Creating Supportive Educational Environments
Teacher Training and Awareness
There is an overarching need to sensitize and educate widely on the topic of autism from teachers, to support staff, school psychologists, and peers of autistic youth. This should concentrate on the unique presentations of autism in girls and include the subsequent impact of missed or overlooked diagnoses has on the girls’ education experiences and outcomes.
Professional development should focus on:
- Recognizing diverse autism presentations: Moving beyond stereotypical male-centered criteria
- Understanding masking behaviors: Learning to identify subtle signs of camouflaging
- Cultural competency: Overall, ASD prevalence was lower among non-Hispanic White children and higher among Hispanic, Black, and Asian or Pacific Islander children, requiring culturally responsive approaches
- Trauma-informed practices: Understanding the connection between masking and mental health outcomes
Environmental Modifications
Research examining autism resource bases describe protective features such as a ‘safe’ base, staff with specialised knowledge, individualised support and curriculum flexibility. This specialist setting may reduce the pressure for autistic pupils to camouflage their needs, enabling them to meet their academic and social potential. Resource bases may also increase peer awareness and understanding, which are important features of social inclusion and a key requirement for reducing camouflaging.
Key environmental considerations include:
- Sensory accommodations:
- Flexible seating options
- Lighting adjustments
- Noise management strategies
- Sensory break spaces
- Social supports:
- Structured peer interactions
- Clear social expectations
- Alternative communication methods
- Lunch and recess support
- Academic modifications:
- Students with autism learn better with pictures and demonstrations. Limit long verbal instructions and provide visual cues and written instructions, when possible.
- Extended processing time
- Predictable routines and schedules
- Interest-based learning opportunities
Supporting Unmasking and Authentic Expression
When an autistic person chooses to share their diagnosis with someone, they broaden their options for self-advocacy. The process of advocating one’s autism-related needs with a supervisor, teacher, or friend is harder if one is not yet comfortable using the word autism, for fear that the support they are requesting might tip others off about their diagnosis. Though the process varies by circumstance, open conversations can open the door to more personalized, meaningful ways to address your needs across settings.
Strategies for supporting authentic expression include:
- Creating autism-positive narratives: Emphasizing strengths and contributions
- Providing choice and agency: Allowing students to self-advocate and make decisions
- Implementing strength-based interventions: Many people with autism have strong passions and deep interests.

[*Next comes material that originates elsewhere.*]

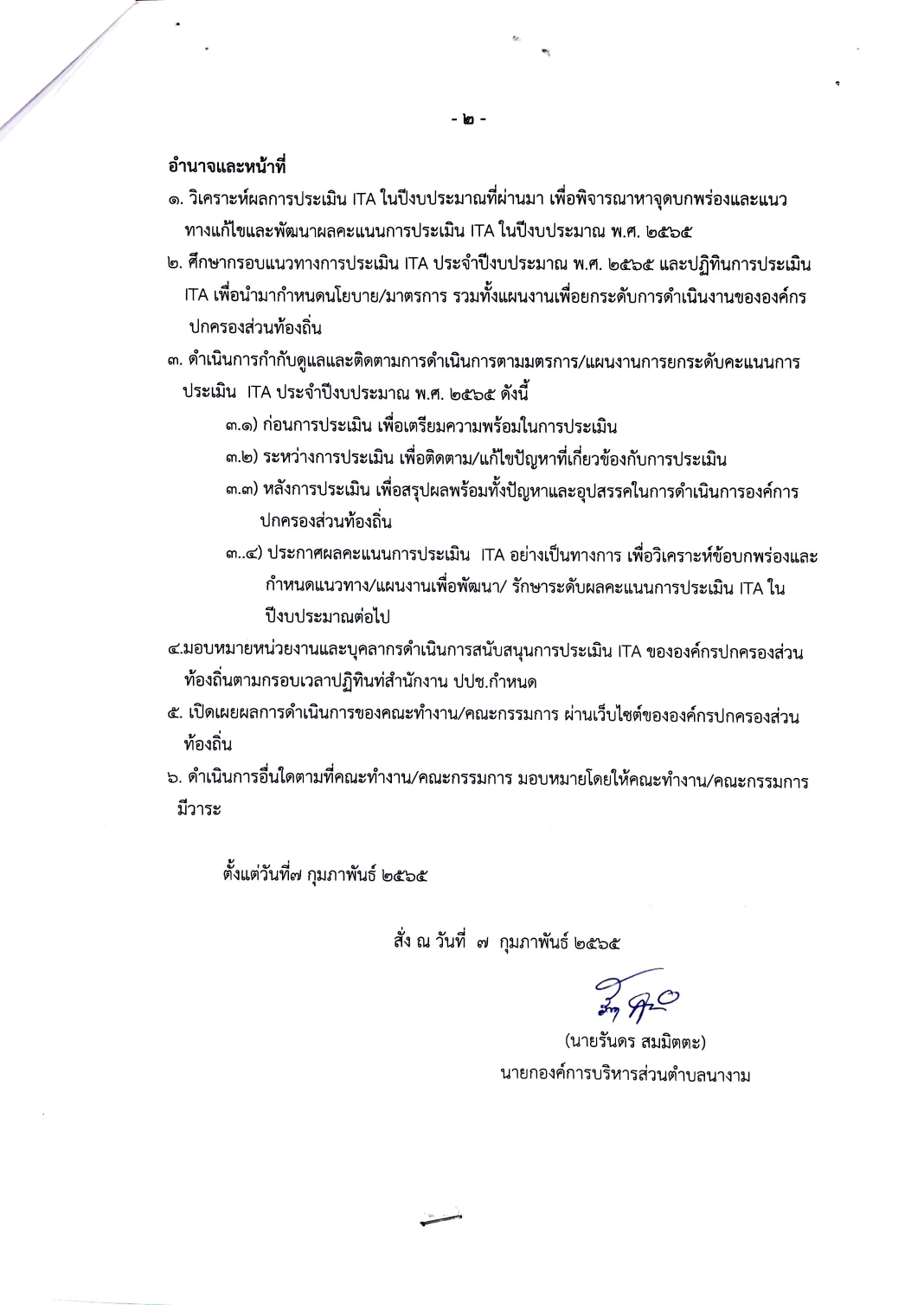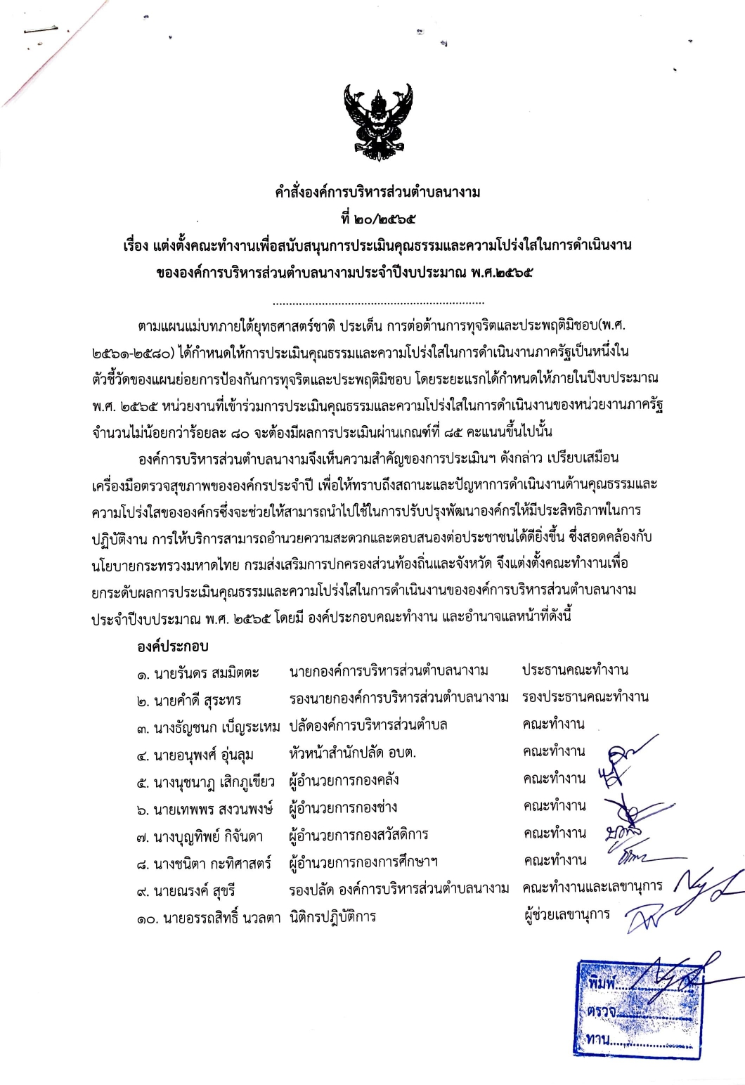 ชื่อเรื่อง : คำสั่ง แต่งตั้งคณะทำงานเพื่อสนับสนุนการประเมินคุณะรรมและความโปร่งใส่ขององค์การบริหารส่วนตำบลนางาม ประจำปี พ.ศ. 2565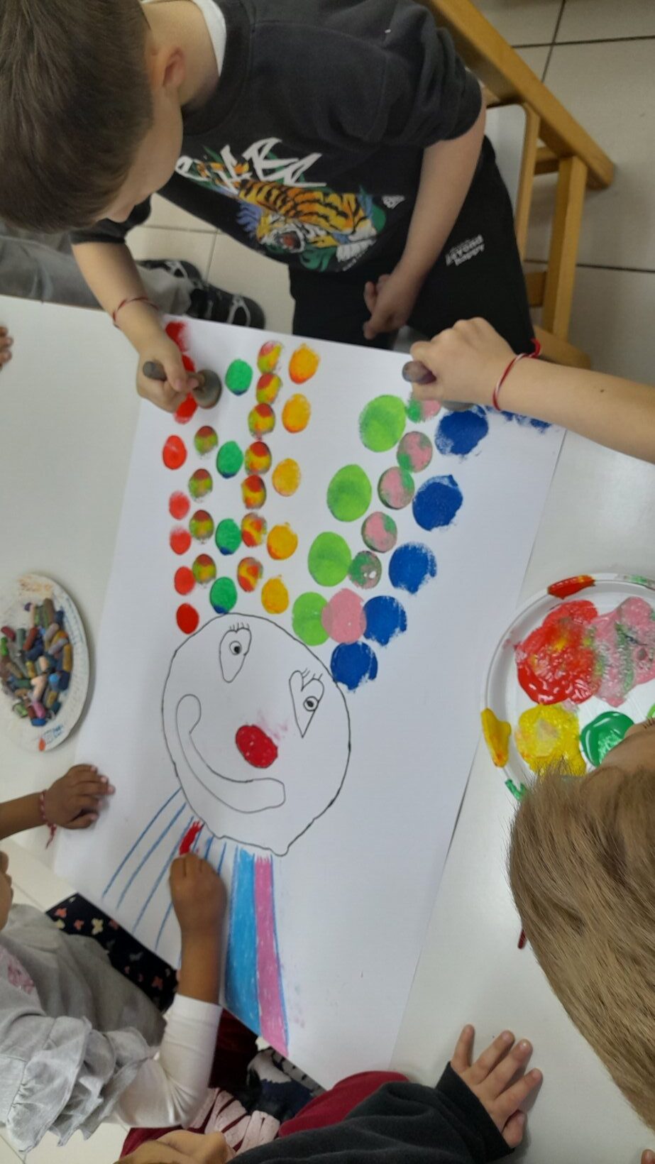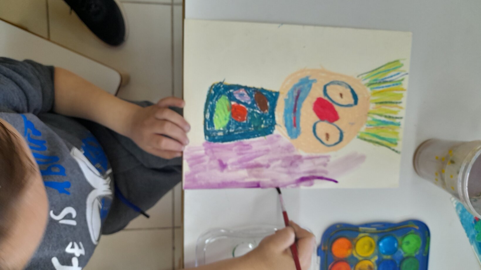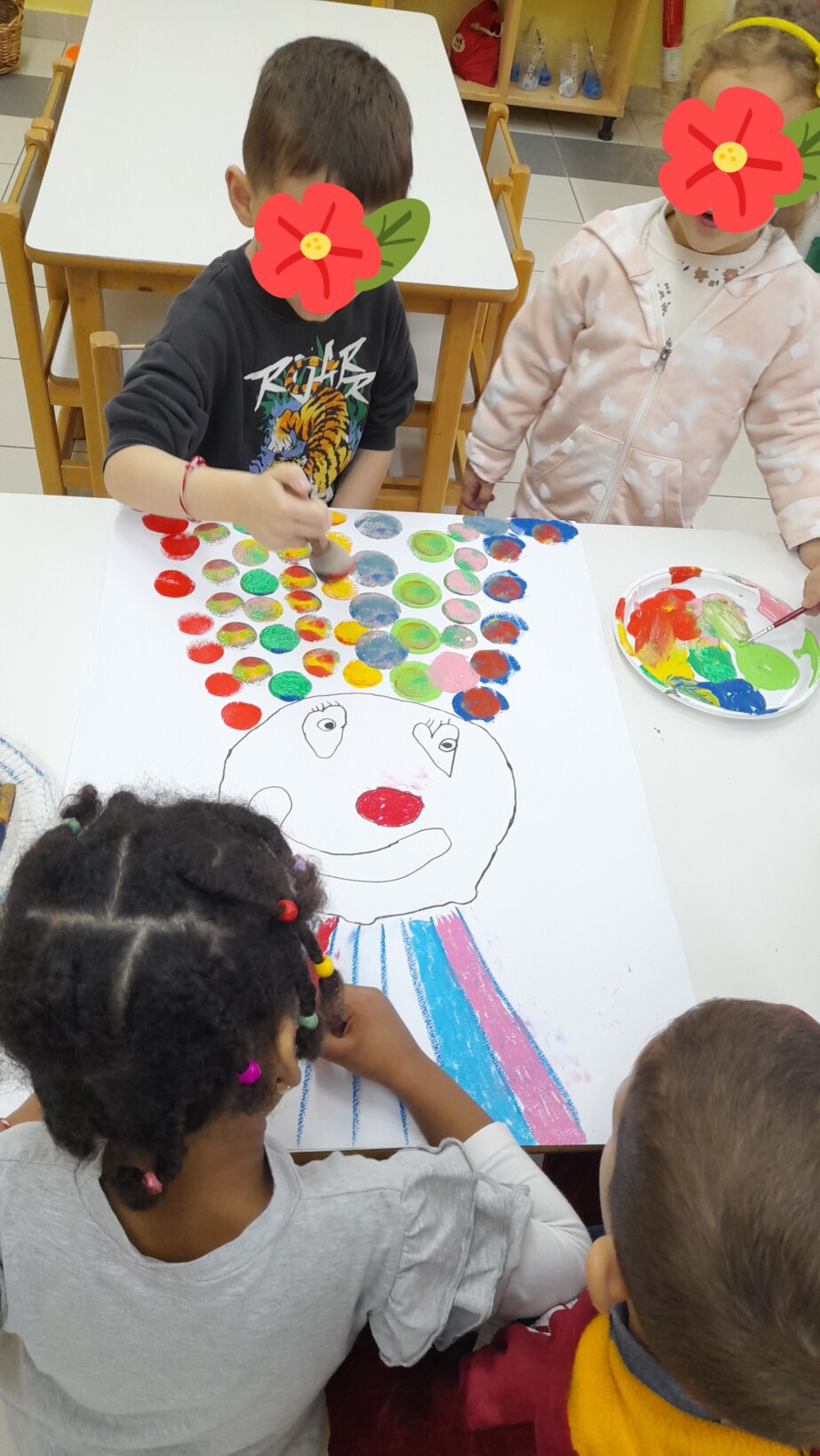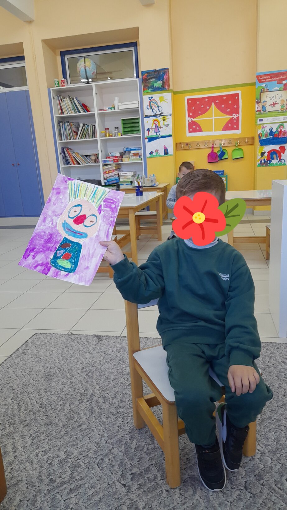 - Απόκριες χωρίς κλόουν δε γίνεται!!!Τα παιδιά συνεργάστηκαν και δημιούργησαν το πορτραίτο ενός κλόουν με ζωγραφική και τυπώματα

Getting to know your students’ likes and dislikes can help you understand what motivates them.
- Building community connections: Facilitating connections with other autistic students and mentors
Early Identification Strategies
Observation Protocols
One of the challenges of observing students for behaviors associated with ASD is that the most important characteristic to look for requires observing an absence of behaviors or skills that other students of the same developmental level naturally display. For example, beginning in preschool and throughout their school career, we expect children to readily and consistently demonstrate appropriate social-emotional and communicative behaviors for their age. If the behaviors are not observed or not to the degree expected, there would be a concern of ASD.
Effective observation should include:
- Multiple contexts: Observing students across different settings and times
- Duration patterns: Tracking behavior changes over extended periods
- Peer comparisons: Comparing social interaction patterns with same-age peers
- Stress indicators: Noting signs of fatigue or distress after social demands
Collaborative Assessment
The checklist serves as part of a broader assessment process, involving healthcare professionals and a multidisciplinary team. Ultimately, it contributes to early intervention, improved understanding, and the development of tailored educational programs.
Multi-informant approaches should include:
- Parent/caregiver input: Before my daughter was assessed, we were seeing a persistent and gradual decline in her well-being at home. She was teary and exhausted every evening. She was very reluctant to go to school every morning. She found it incredibly hard to separate from us in the playground. However, when we spoke to her teachers they were surprised and baffled. We don’t see that at school, she seems completely fine.
- Student self-report: When age-appropriate, including student perspectives and experiences
- Professional observations: Multiple observers across different contexts
- Developmental history: Comprehensive background information
The Role of Self-Advocacy and Neurodiversity
The growth of autistic self-advocacy and the neurodiversity movement has brought about new ethical, theoretical and ideological debates within autism theory, research and practice. These debates have had genuine impact within some areas of autism research but their influence is less evident within early intervention research. In this paper, we argue that all autism intervention stakeholders need to understand and actively engage with the views of autistic people and with neurodiversity as a concept and movement.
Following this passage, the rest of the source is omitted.